Employee qualification
Make the most of further training and development. New roles and tasks are emerging for which you need qualified personnel who you will increasingly be recruiting from a wide variety of fields.
Single source
Amalgamate your internal company data pools to create a single data source – a process that won’t work without terminology and ontologies as a common language.
Quality assurance
Set up a comprehensive quality management system that assesses compliance with all requirements and is not limited to the factual accuracy of technical document contents. Only fully quality-assured information can withstand the complexity of future requirements.
Organizational model
Rethink your current organizational model in technical writing and adapt it so that you are well prepared to tackle the challenges ahead. Ask yourself questions such as: What resources does your technical writing department have? How is it organized? What assets and data pools does it operate? What tools does it use? What products does it create and maintain, what services does it provide, and how does it deploy its resources? Scrutinize your organization across departmental boundaries.
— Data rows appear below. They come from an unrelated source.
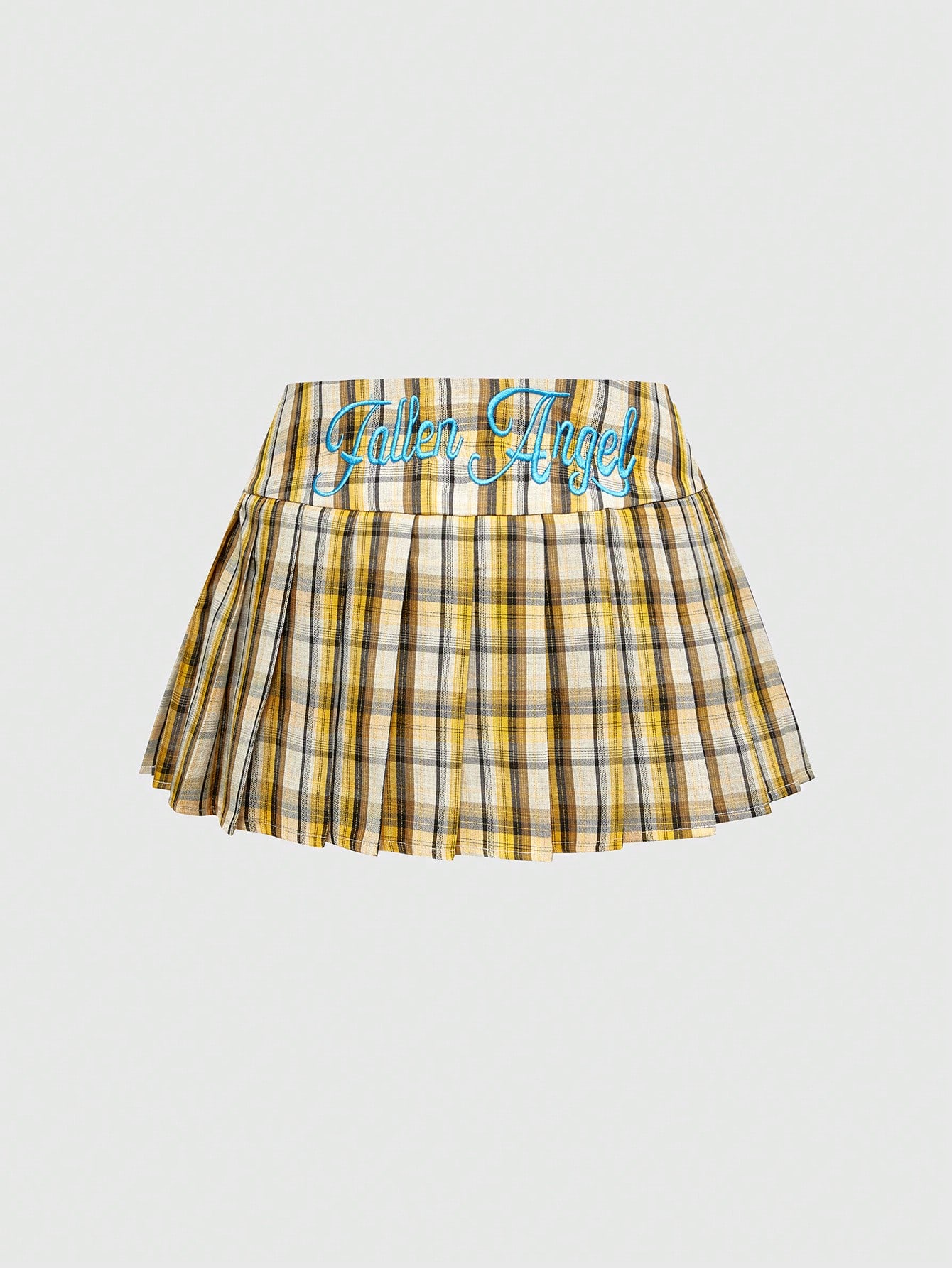 J-Fashion Women's Y2K Retro Shibuya Girl School Plaid Letter Embroidery Mini Skirt
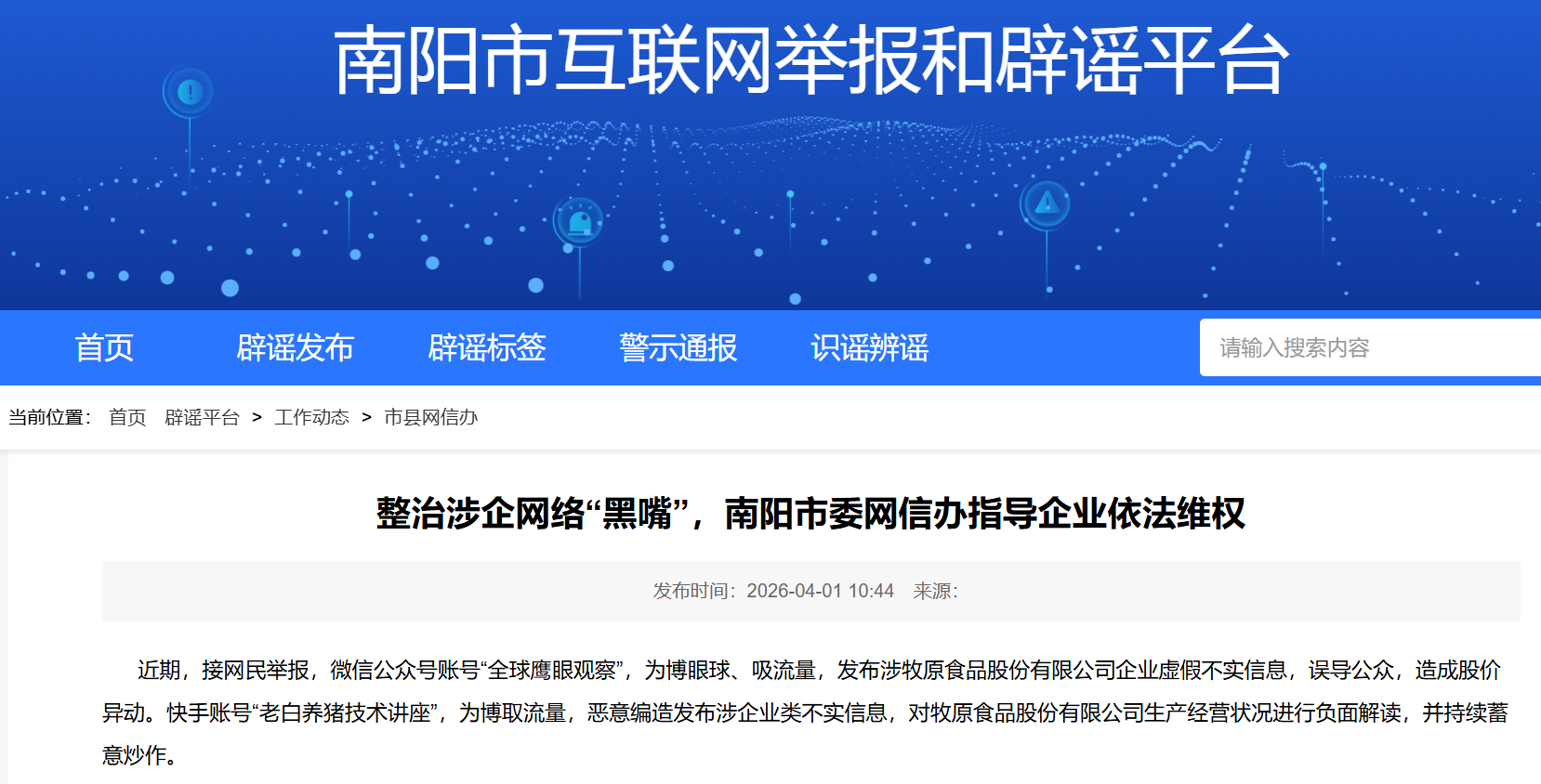 【大河财立方消息】4月1日,南阳市互联网举报和辟谣平台披露,近期,接网民举报,微信公众号账号“全球鹰眼观察”,为博眼球、吸流量,发布涉牧原食品股份有限公司企业虚假不实信息,误导公众,造成股价异动。快手账号“老白养猪技术讲座”,为博取流量,恶意编造发布涉企业类不实信息,对牧原食品股份有限公司生产经营状况进行负面解读,并持续蓄意炒作。
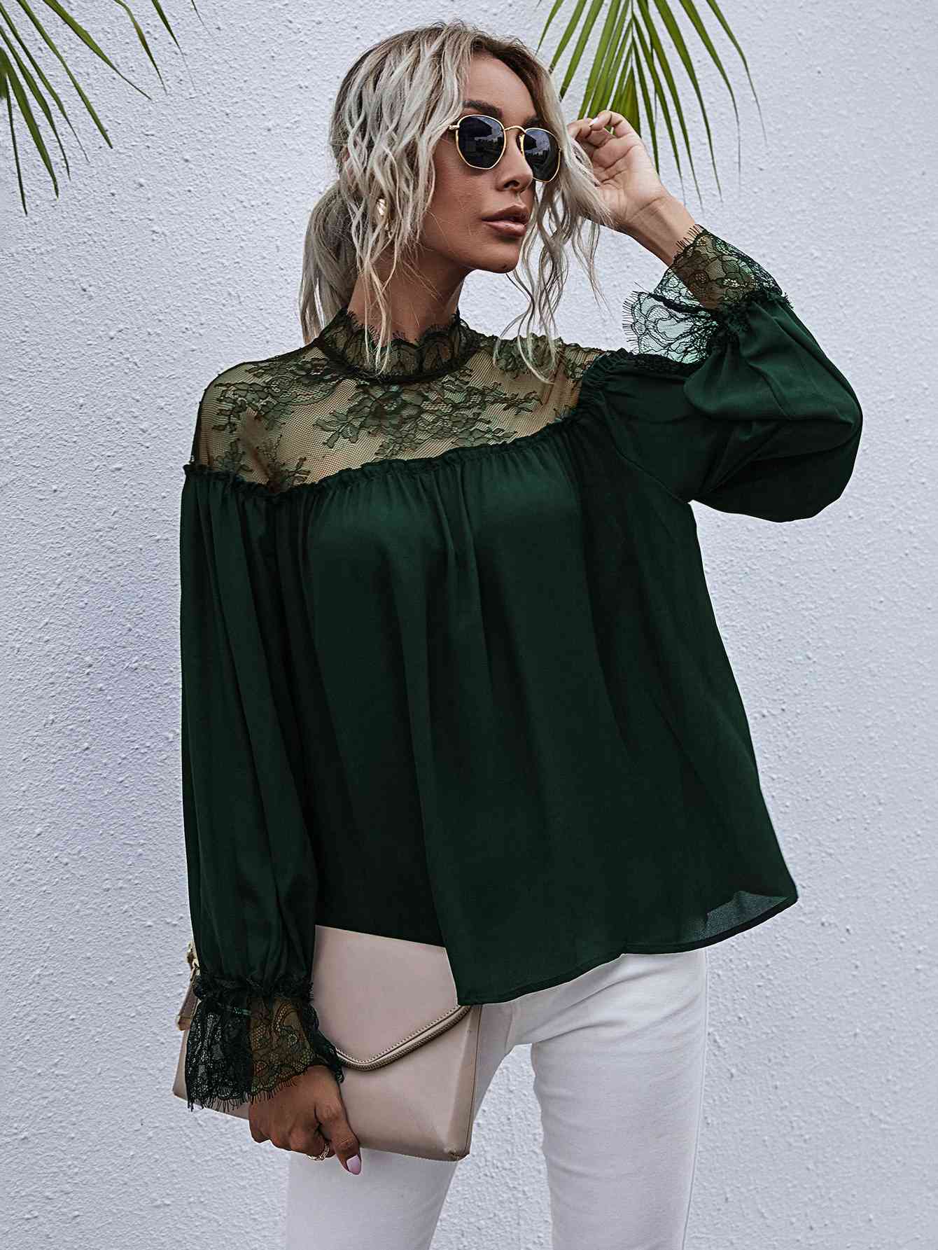 • Load image into Gallery viewer, Semi-Sheer Lace Trim Mock Neck Blouse

Conclusion: Step up to the challenge!
With the regulations already adopted and in planning, the European Commission is responding to a market environment that is currently witnessing huge change. This means new challenges for businesses and technical writers. Armed with this foreknowledge, you should be pro-active about these developments, think strategically, and carve out time from day-to-day operations to get prepared for this challenge. That’s the only way you will be ready with practical solutions when you really need them.